Table 8: Elastic Step Decay on ImageNet-1k: Losses and validation accuracy of different schedulings for ResNet-50 with #Epoch=90 over 3 trials.

	Schedule	Training loss	Top-1 validation acc(%)	Top-5 validation acc(%)
#Epoch=90	Step Decay [30-60]	1.4726 $\pm$ 0.0057	75.55 $\pm$ 0.13	92.63 $\pm$ 0.08
	Step Decay [30-60-80]	1.4738 $\pm$ 0.0080	76.05 $\pm$ 0.33	92.83 $\pm$ 0.15
	Cosine Decay	1.4697 $\pm$ 0.0049	76.57 $\pm$ 0.07	93.25 $\pm$ 0.05
	ESD ( $r=1/\sqrt{2}$ )	1.4317 $\pm$ 0.0027	76.79 $\pm$ 0.10	93.31 $\pm$ 0.05

A.6 Language Modeling with Elastic Step Decay

More experiments on language modeling are conducted to further demonstrate Elastic Step Decay’s superiority over other schedulers.

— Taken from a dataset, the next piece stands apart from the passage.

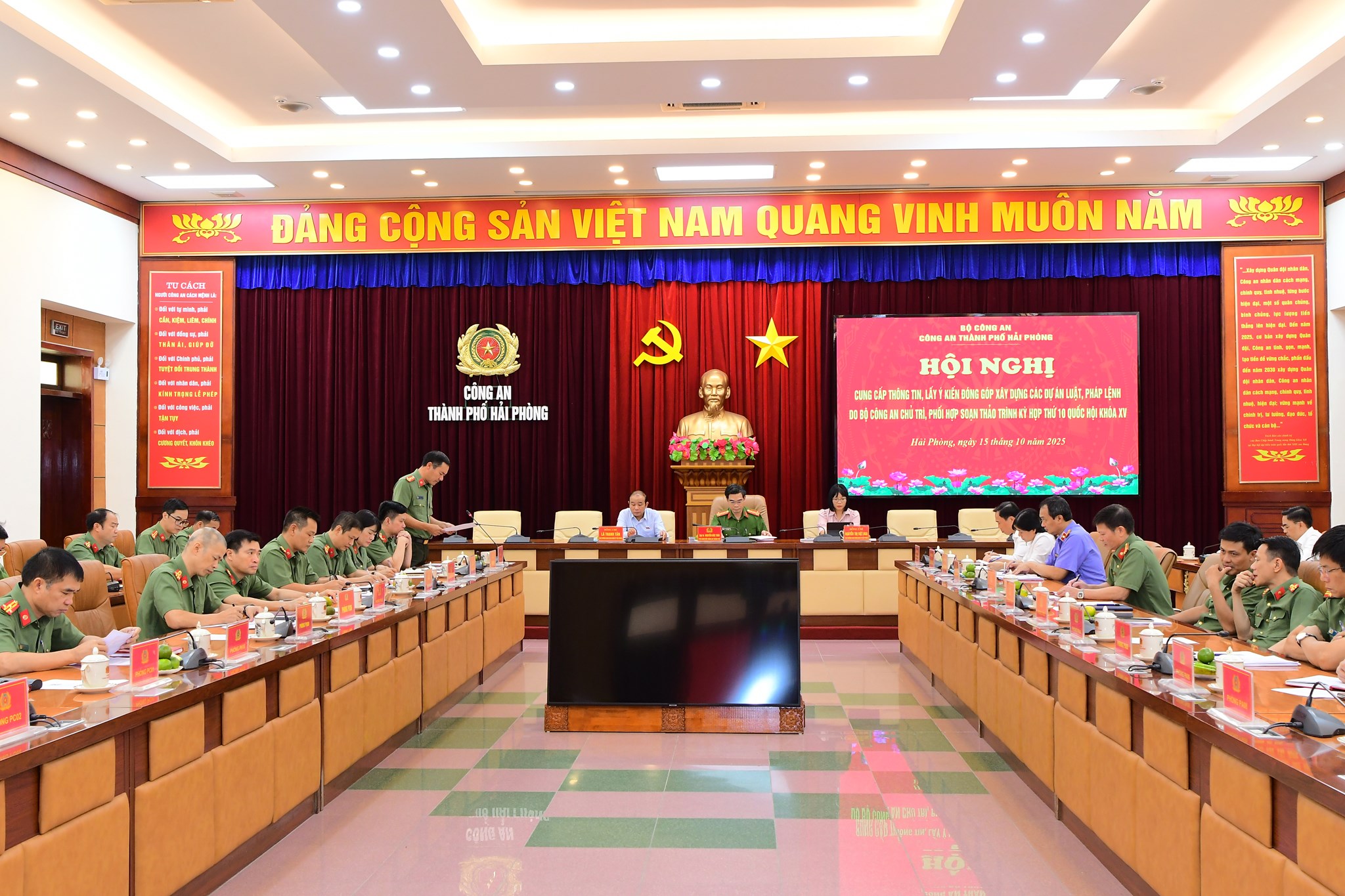 Chiều 15/10/2025, Công an thành phố tổ chức hội nghị cung cấp thông tin, lấy ý kiến tham gia xây dựng 11 dự án Luật, Pháp lệnh do Bộ Công an chủ trì soạn thảo trình kỳ họp thứ 10, Quốc hội khóa XV. Đại tá Nguyễn Đức Thìn, Phó giám đốc CATP chủ trì hội nghị. Cùng dự có các đồng chí: Lã Thanh Tân, Phó trưởng Đoàn ĐBQH Hải Phòng; Nguyễn Thị Việt Nga, Phó trưởng Đoàn ĐBQH Hải Phòng; đại diện lãnh đạo TAND thành phố, Viện KSND thành phố, Sở Tư pháp thành phố; lãnh đạo các Phòng nghiệp vụ CATP; Trưởng Công an các phường, xã: Hòa Bình, Thiên Hương, Lưu Kiếm, Ngô Quyền, Gia Viên, Lê Chân, An Dương, Nghi Dương, Vĩnh Bảo, Tiên Lãng, Hồng Bàng, Hồng An, Hải An, Kiến Minh, Kim Thành, Phú Thái, Nguyễn Đại Năng, Kinh Môn, An Phú.

For all experiments, we follow almost the same setting in Zaremba et al. (2015), where a large regularized LSTM recurrent neural network (Hochreiter & Schmidhuber, 1997) is trained on Penn Treebank (Marcus et al., 1993) for language modeling task. The Penn Treebank dataset has a training set of 929k words, a validation set of 73k words and a test set of 82k words. SGD without momentum is adopted for training, with batch size 20 and 35 unrolling steps in LSTM.

Other details are exactly the same, except for the number of training epochs. In Zaremba et al. (2015), it uses 55 epochs to train the large regularized LSTM, which is changed to 30 epochs in our setting, since we found that the model starts overfitting after 30 epochs. We conducted hyperparameter search for all schedules, as shown in Table 9.

Table 9: Hyperparameter search for schedulers.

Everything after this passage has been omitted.